Assessment of droop and deadband at (a, b) power unit no. 2 of Karmanovskaya GRES for March 20, 2016, and at the (c, d) power unit no. 3 of Permskaya GRES for March 12, 2016, using the (a, c) existing algorithm and the (b, d) VTI algorithm. 1—Relative to the change in power; 2, 4—calculated static characteristic for definitions of actual deadband and droop primary regulation values; 3—average relative change of power.

Table 1.   Values of deadband and droop of primary control

The VTI algorithm uses averaging over frequency and power. This ensures the “stability” of the calculation to constant random changes in frequency and makes it possible to obtain more representative and adequate data in comparison with the results of calculations using the existing method.

Features of the VTI technique are

1. The ability to select the boundaries of the frequency deviation range in order to exclude single deviations that can distort the assessment of droop and deadband.

2. Sequential calculation of the values of the deadband and droop of the primary control, which makes it possible to exclude the influence of frequency deviations lying within the obtained value of the deadband of the primary control on the estimation of the droop.

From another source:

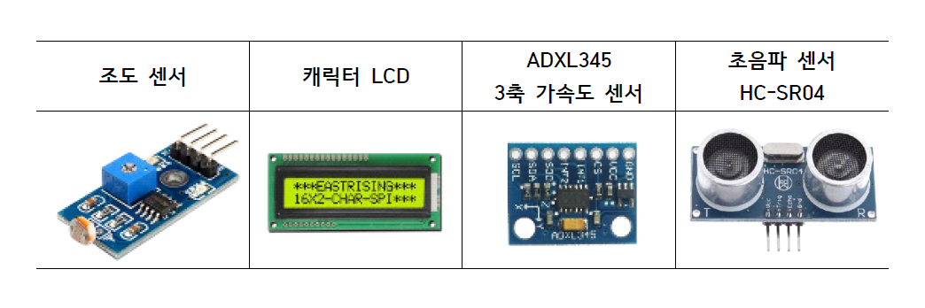 2.4. 기본 실습 센서 4종 GPIO 입출력에 사용하는 가장 기본적인 구성품입니다. 이러한 부품을 이용해 GPIO 제어방법 과 통신 방식에 대해 학습이 가능합니다. 실습 센서와 액추에이터는 조도센서, 캐릭터 LCD, 3축 가속도 센서, 초음파 센서를 제공합니다.
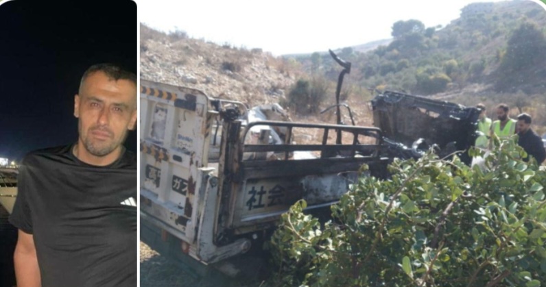 zionist colony drone targeted a pickup truck with missiles between Al-Sawana and Khirbet Selm in southern Lebanon, resulting in the ascension of a martyr.

3. Separate calculation of the values of the border of the deadband and droop of the primary control for cases of decrease and increase in the network frequency. This makes it possible to take into account the different dynamic characteristics of the equipment when increasing and decreasing active power.

4. The result does not depend on the volume (temporal characteristics) of the original data.

It is recommended to use the existing methodology if data (turbine rotor speed and active power) are available for at least 18–24 h. The VTI technique allows us to obtain adequate and representative results in the presence of initial information in 2–3 h.

CONCLUSIONS

(1) The existing methodology for assessing the droop and the deadband of primary control when controlling the participation of generating equipment in the SPFC has drawbacks, which quite often lead to incorrect results. A significant error of the methodology is due, for example, to the use of the regression function in the calculation of smoothing as well as the assumption that the actual static characteristic is symmetric relative to zero.

(2) The specialists of VTI have developed an alternative method for calculating the actual values of droop and deadband of primary control. The values obtained using the algorithm proposed by the specialists of VTI more adequately and representatively characterize the actual dependence of the active power of the generating equipment on changes in the network frequency. This allows us to give an objective assessment of the operation of generating equipment.